For most Canadians, income tax, along with other statutory deductions like Canada Pension Plan contributions and Employment Insurance premiums, are paid periodically throughout the year by means of deductions remitted to the Canada Revenue Agency (CRA) on the taxpayer’s behalf by their employer.
Each taxpayer’s situation is unique and so the employer must have some guidance as to how much to deduct and remit on behalf of each employee. That guidance is provided by the employee/taxpayer in the form of TD1 forms which are completed and signed by each employee, sometimes at the start of each year, but minimally at the time employment commences. Each employee must, complete two TD1 forms – one for federal tax purposes and the other for provincial tax. Federal and provincial TD1 forms for 2018 list the most common statutory credits claimed by taxpayers, including the basic personal credit, the spousal credit amount, and the age amount.
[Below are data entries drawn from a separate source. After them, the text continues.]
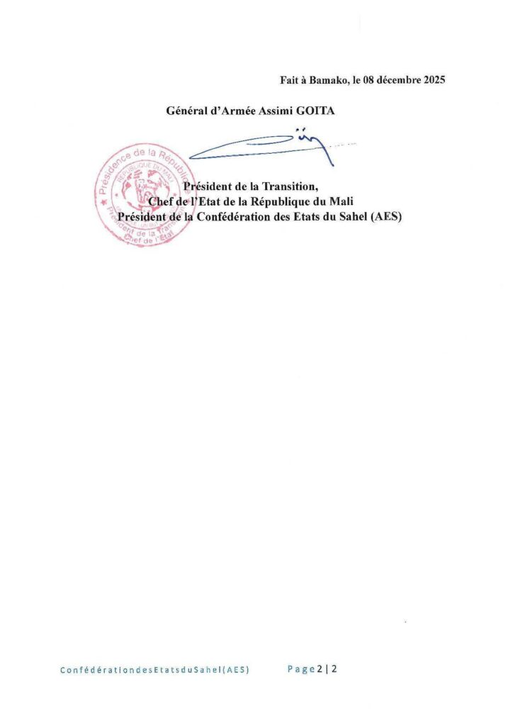 Face à cet incident, l’AES affirme avoir renforcé les mesures de sécurité aérienne à l’échelle confédérale. Sur instruction des Chefs d’État, les défenses aériennes et antiaériennes ont été placées en alerte maximale. Conformément à la déclaration adoptée le 22 décembre 2024, elles sont désormais autorisées à neutraliser tout aéronef pénétrant illégalement l’espace aérien confédéral.
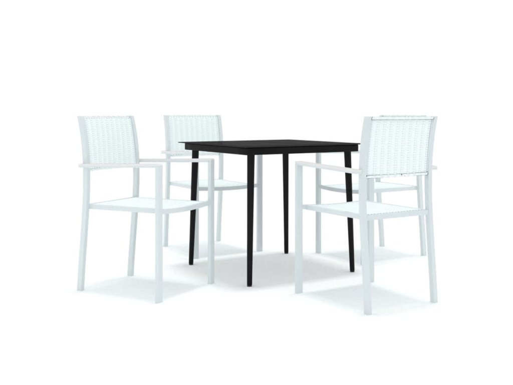 Jídelní set na terasu má práškově lakovaný ocelový rám, takže je robustní a stabilní a ideální pro venkovní použití. Hladká skleněná deska stolu se snadno čistí vlhkým hadříkem a skvěle vám poslouží k podávání jídla a pití nebo k vystavení různých dekorativních předmětů. Lehké jídelní židle jsou vyrobené z plastu, lze je proto bez problémů udržovat v čistotě a přesouvat je. Svým provedením navíc připomínají ratan, a tak vnesou do vašeho venkovního bydlení nádech přírodního kouzla!
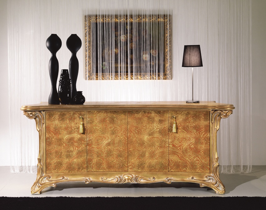 Canteen, from Italian manufacturer Cl Italia. The frame is made from solid wood. Finishing varnish from the company portfolio. Colors - brown. The facade is decorated with carvings and inlays.
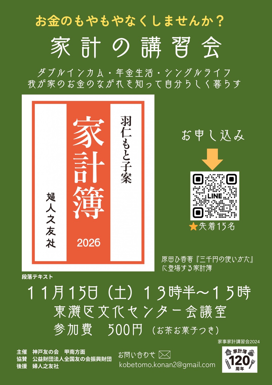 お金のもやもやをなくし、家計の流れを知って、自分らしくお金を使うための講習会です!

While the TD1 completed by the employee will have accurately reflected the credits claimable, everyone’s life circumstances change. Where a baby is born, or a child starts post-secondary education, a taxpayer turns 65 years of age, or an elderly parent comes to live with their children, the affected taxpayer will be become eligible to claim tax credits not previously available. And, since the employer can only calculate source deductions based on information provided to it by the employee, those new credit claims won’t be reflected in the amounts deducted at source from the employee’s paycheque.
It is a good idea for all employees to review the TD1 form prior to the start of each taxation year and to make any changes needed to ensure that a claim is made for all credit amounts currently available to him or her. Doing so will ensure that the correct amount of tax is deducted at source throughout the year.
Where the taxpayer has available deductions, which cannot be recorded on the TD1, like RRSP contributions, deductible support payments or child care expenses, it makes things a little more complicated, but it’s still possible to have source deductions adjusted to accurately reflect the employee’s tax liability for 2018. The way to do so is to file Form T1213, Request to Reduce Tax Deductions at Source Once that form is filed with the CRA, the Agency will, after verifying that the claims made are accurate, provide the employer with a Letter of Authority authorizing that employer to reduce the amount of tax being withheld at source.
Of course, as with all things bureaucratic, having one’s source deductions reduced by filing a T1213 takes time. Consequently, the sooner a T1213 for 2018 is filed with the CRA, the sooner source deductions can be adjusted, effective for all paycheques subsequently issued in that year. Providing an employer with an updated TD1 for 2018 at the same time will ensure that source deductions made during 2018 will accurately reflect all of the employee’s current circumstances, and consequently his or her actual tax liability for the year.